Australia’s Parliamentary Joint Committee on Human Rights (‘PJCHR’) has found that compulsory income management restricts rights to equality, non-discrimination, social security, an adequate standard of living, and privacy and family.[129] These rights are embedded in international human rights instruments that Australia has ratified, including the International Covenant on Civil and Political Rights (‘ICCPR’),[130] the International Covenant on Economic, Social and Cultural Rights (‘ICESCR’),[131] the ICERD and the CRPD. The PJCHR is a federal committee that examines the compatibility of bills, legislation and legislative instruments with human rights.[132] It then reports on these to Parliament. Relying on evidence put before the Committee, the PJCHR concluded that ‘compulsory income management is not effective in achieving its stated objective of supporting vulnerable individuals and families’.[133] It stressed that:

A human rights compliant approach requires that any measures must be effective, subject to monitoring and review and genuinely tailored to the needs and wishes of the local community. The current approach to income management falls short of this standard.[134]

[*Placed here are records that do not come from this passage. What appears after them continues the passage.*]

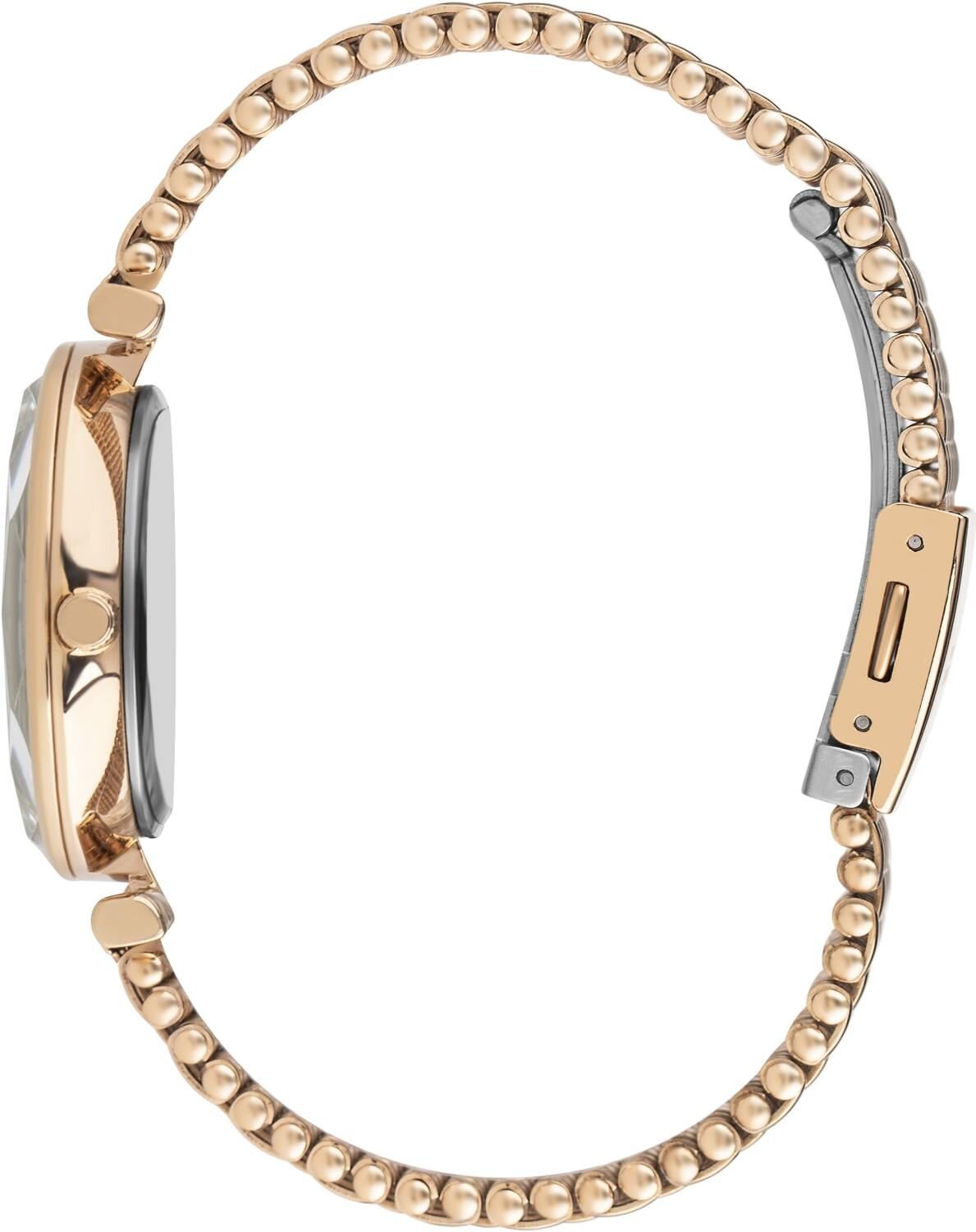 Rose gold renk ve taş detaylı kadranı sayesinde feminen ve şık bir görünüm sunar.
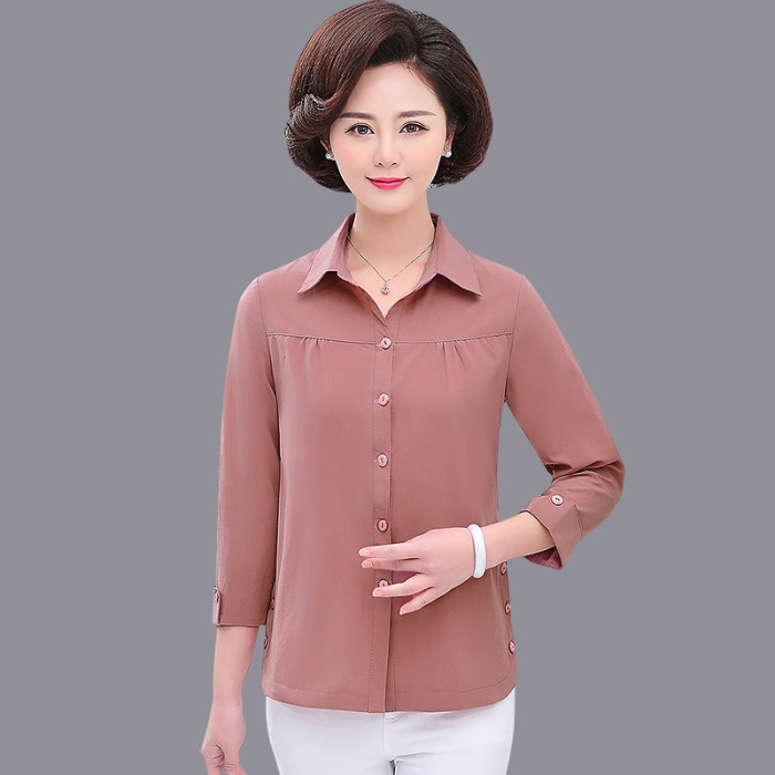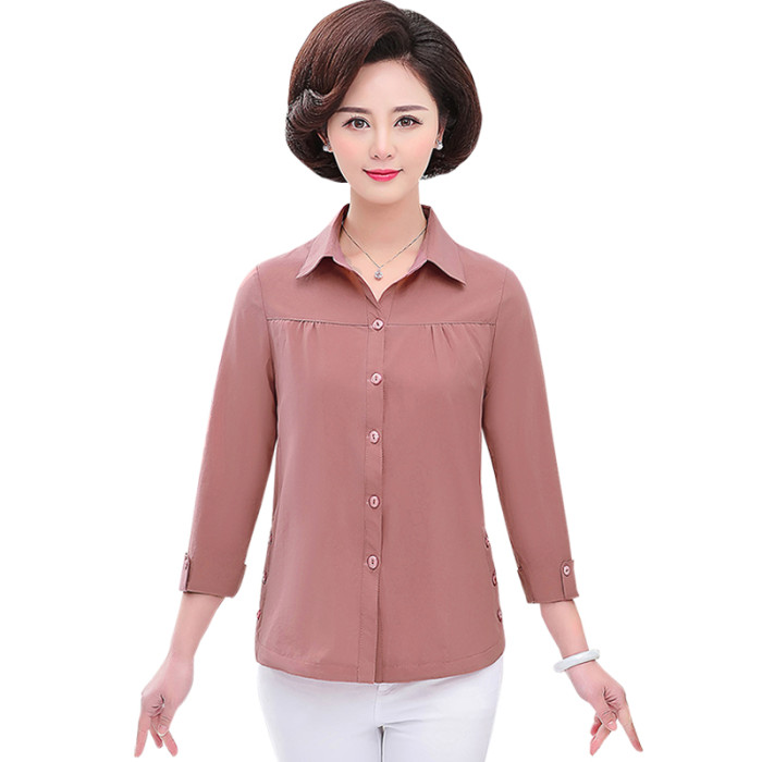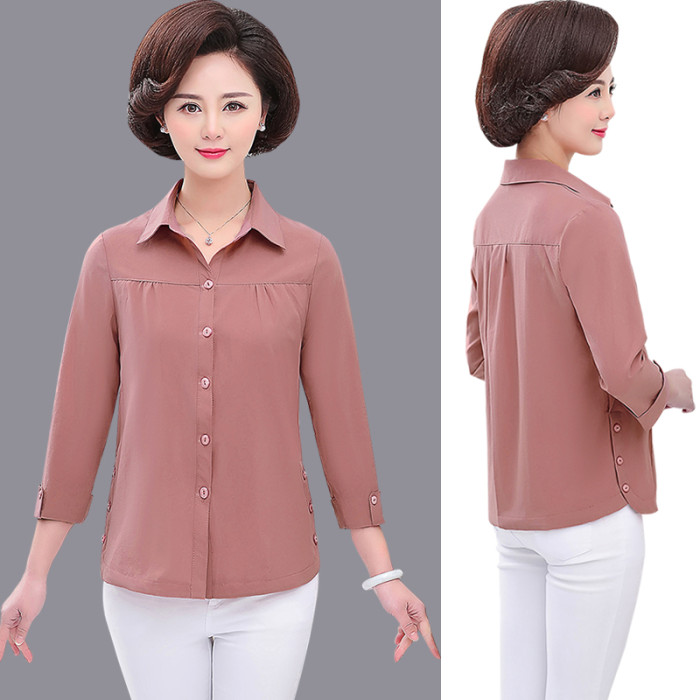 2025新款媽媽春裝襯衫長袖打底衫中年婦女上衣夏季中老年女裝襯衣
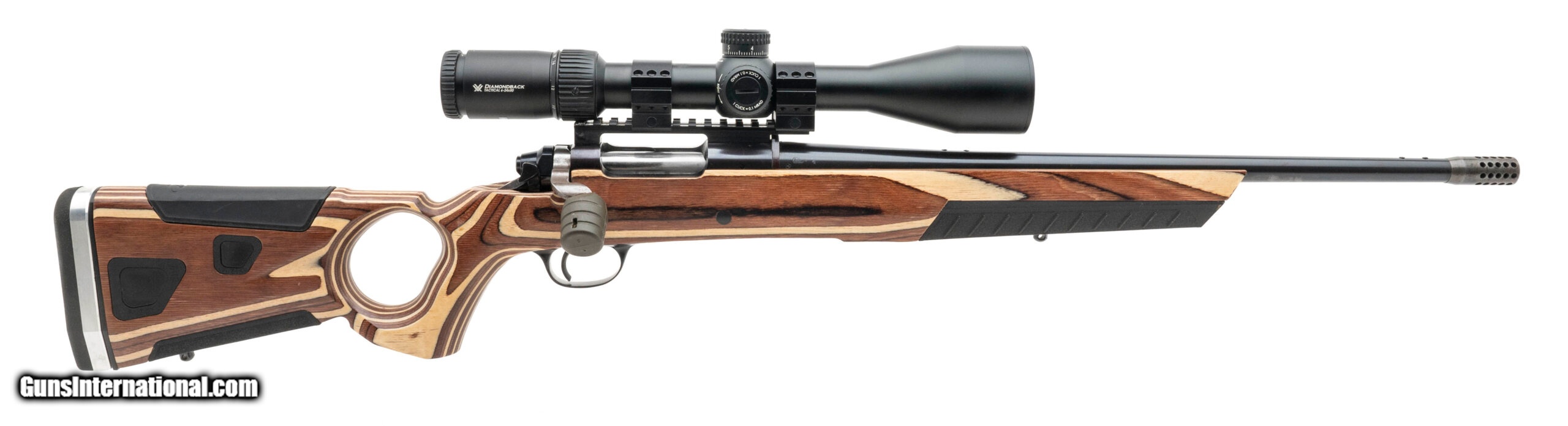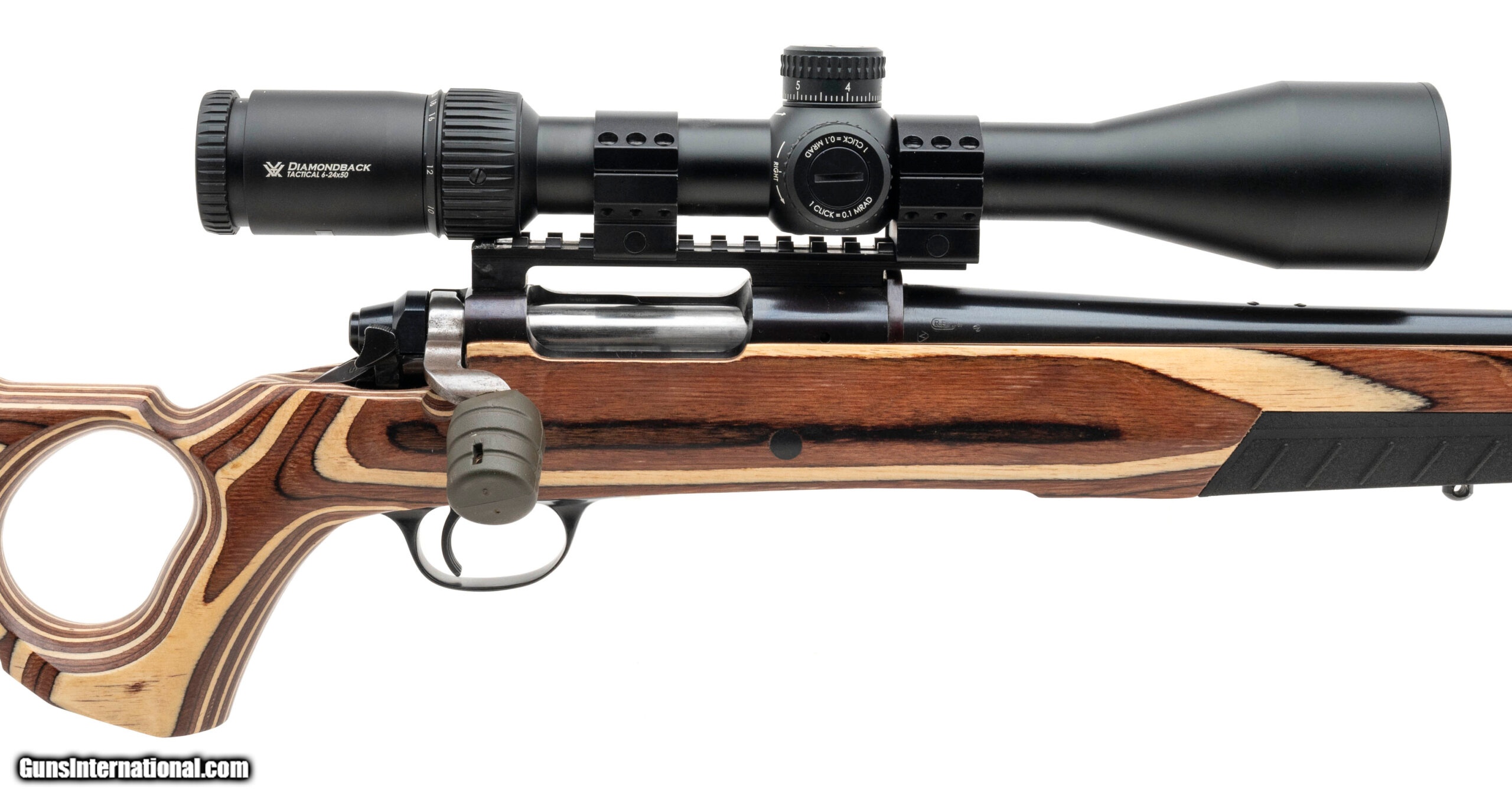 Description: "SN: 6669906, Modern production, .308 Win with a 20"" barrel with muzzle brake. Custom bolt action hunting rilfe with Tactical clamp on bolt knob. Bore, finish, and Laminate wood stock are in excellent condition. Rifle comes with Vortex Diamondback 6-24X50 scope. SOLD |

The PJCHR recommended that there be ‘effective consultation’ with communities affected by the program, including as to whether it should only operate on a voluntary basis.[135]

Scholarly attention has been drawn to the ways in which the income management regime violates the prohibition on racial discrimination contained in the ICERD.[136] For instance, art 5(e)(iv) of the ICERD stipulates that States are under an obligation to eliminate discrimination in relation to the right to social security — and imposing compulsory income management as a race-based measure on Indigenous welfare recipients in prescribed areas under the 2007 Intervention clearly violated this mandate. It is also arguable that the 2010 new income management categories have continued to engage in indirect racial discrimination, despite the absence of express racial criteria in income management legislation.[137] The Australian Human Rights Commission explains that ‘[i]ndirect discrimination occurs when there is an unreasonable rule or policy that is the same for everyone but has an unfair effect on people who share a particular attribute.’[138] As defined by art 1 of the ICERD, racial discrimination includes measures that have ‘the purpose or effect of nullifying or impairing the recognition, enjoyment or exercise, on an equal footing, of human rights and fundamental freedoms’.[139] Article 1 of the ICERD therefore applies to direct and indirect racial discrimination.

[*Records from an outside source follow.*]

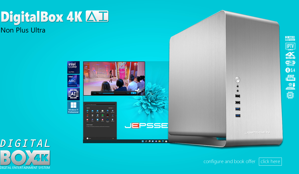 Support for Wake on Voice, active thermal monitoring, and advanced memory and storage management features ensure stability, security, and versatility. DigitalBox 4K designed for the future: capable of learning, adapting, and delivering power only when needed, always at your pace, always one step ahead.
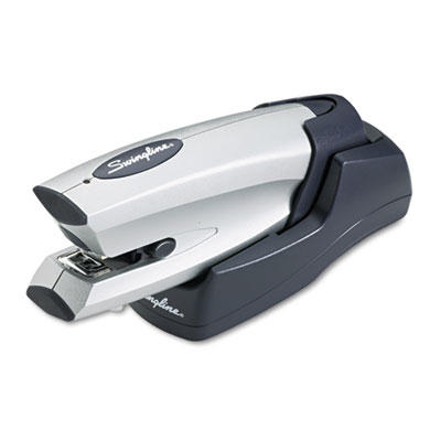 Ready wherever and whenever you work—without the hassle of replacing the batteries. Powerful rechargeable batteries deliver 2,000 staples on a single charge. Adjustable docking station. Paper adjustment guide. Low staple indicator. Safety shut-off. Durable plastic and metal construction. Throat depth adjustable to 1". Front loads a full strip of (210) of standard staples. Package includes 6 ft. recharger cord and rechargeable battery. 100% Performance Guarantee—Guaranteed to perform at the highest standards for the life of the warranty (assuming normal product usage) or Swingline will replace the product. Stapler Type: Electric; Staple Capacity: Full Strip (210 Staples); Size of Staple Used: 1/4".
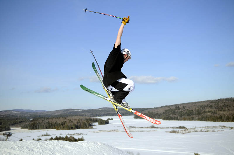Ben Fulmer, of Readfield, hits a bump Tuesday beneath blue skies while free style skiing on the slope overlooking Torsey Pond at Kents Hill School in Readfield. The private prep school competes in downhill, snowboarding and free style skiing.
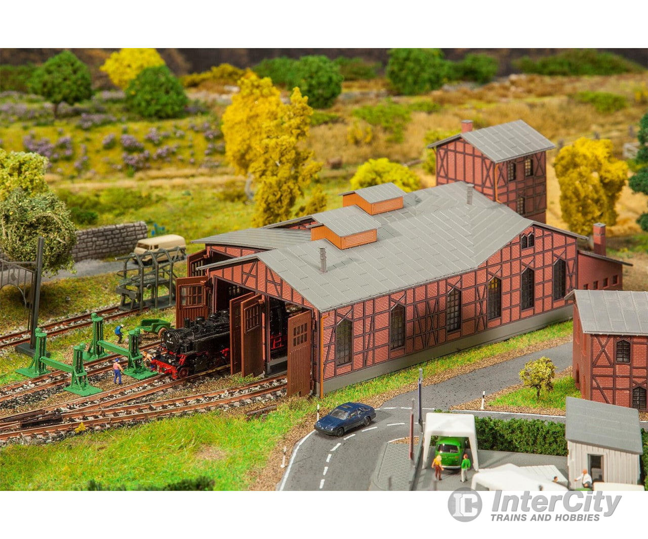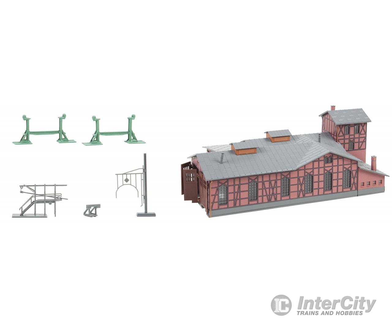 A FALLER highlight in new design. Set comprised of a three-stall engine house in half timbered building style with water tower at the rear. For engines up to 162 mm length over buffers, gate height 36 mm, spacing of tracks from centre to centre 37 mm. Set also includes two floor jacks with supports, a locomotive tube cleaner, a water sprout and a loading gauge.
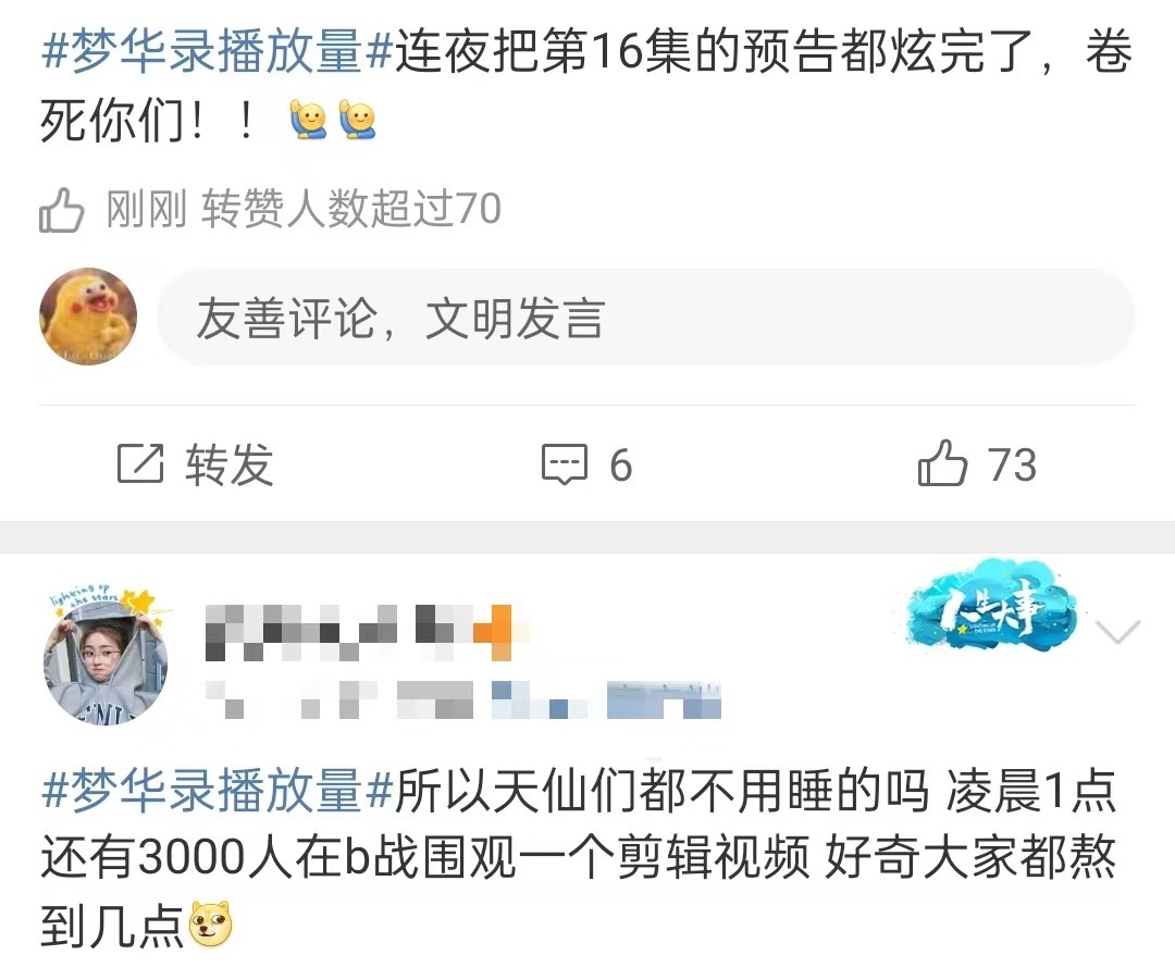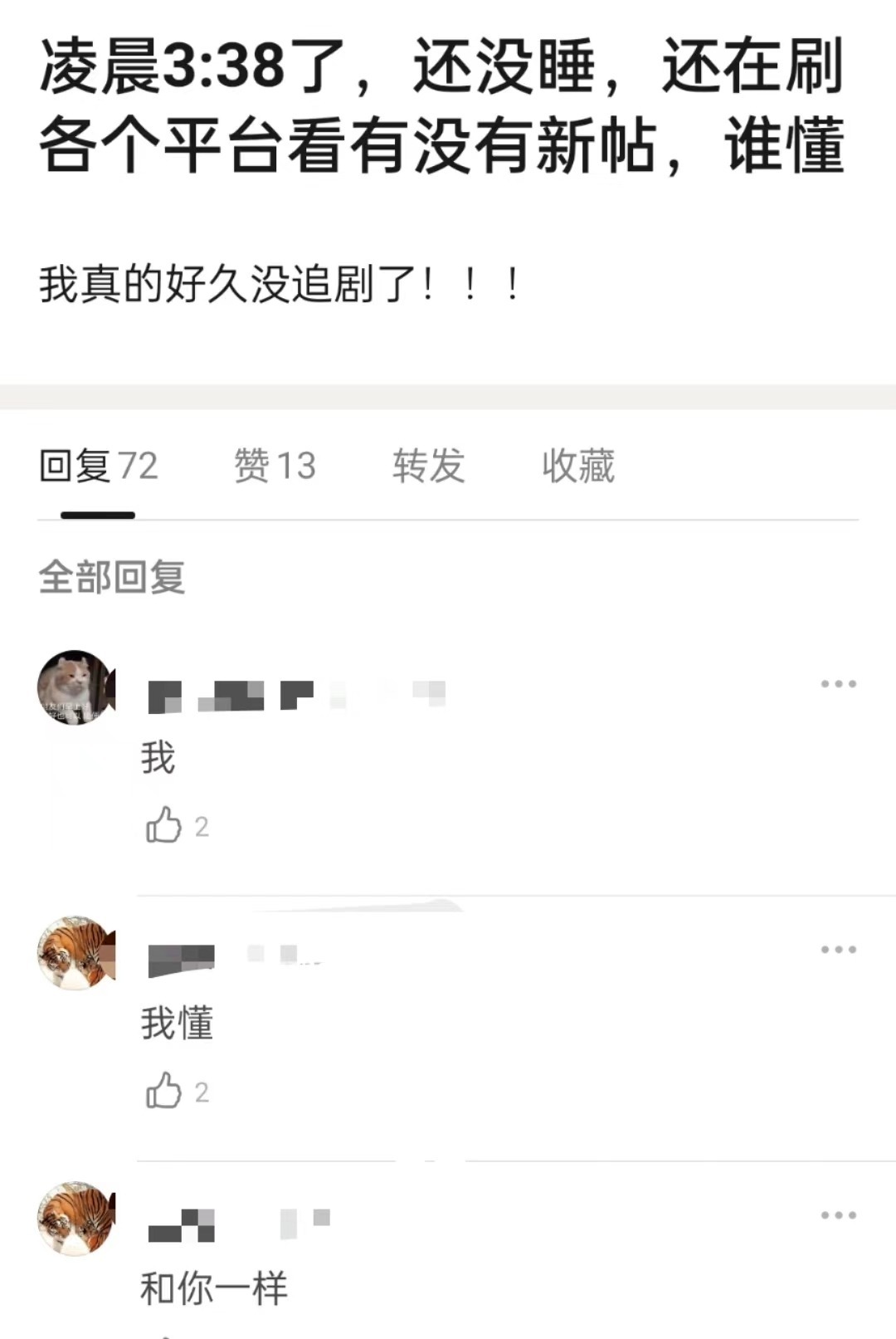 网上有关“熬夜一口气追了十几集”的言论已经成了热潮,连网友们自己都纷纷感慨,上次这么追剧是很久以前了。无聊的大家还开始了可爱的攀比,表示连夜把预告都看完了,势要“卷死”别人。更是有不少观众刚刚看完就开始催更,恨不能一口气看完全集。

The PJCHR contends that income management could only avoid being categorised as racially discriminatory if the measure satisfies the criteria for permissible limitations on human rights. These include that the measure must be ‘in pursuit of a legitimate objective’, be ‘rationally connected’ to that stated objective, and be ‘a proportionate way to achieve that objective’.[140] Over the course of many years, the Australian Government has been unable to present evidence of rational connection and proportionality with respect to compulsory income management.

In deliberating on the issue of proportionality, the PJCHR stated:

relevant factors to consider include whether the measure provides sufficient flexibility to treat different cases differently or whether it imposes a blanket policy without regard to the merits of an individual case, whether affected groups are particularly vulnerable, and whether there are other less restrictive ways to achieve the same aim. It is also relevant to consider whether the communities affected by the measure have been consulted and agree to the measures imposed.[141]

The inflexibility of compulsory income management is well known, Indigenous people are particularly vulnerable to overrepresentation, there are numerous less restrictive alternative measures available to achieve the Government’s stated policy objectives, and the consultation processes belatedly used to rationalise it have been inadequate.[142] The racially discriminatory nature of income management is deeply problematic, particularly given that Australia has an appalling and lengthy record of legalising maltreatment of Indigenous peoples — purportedly for their benefit.[143]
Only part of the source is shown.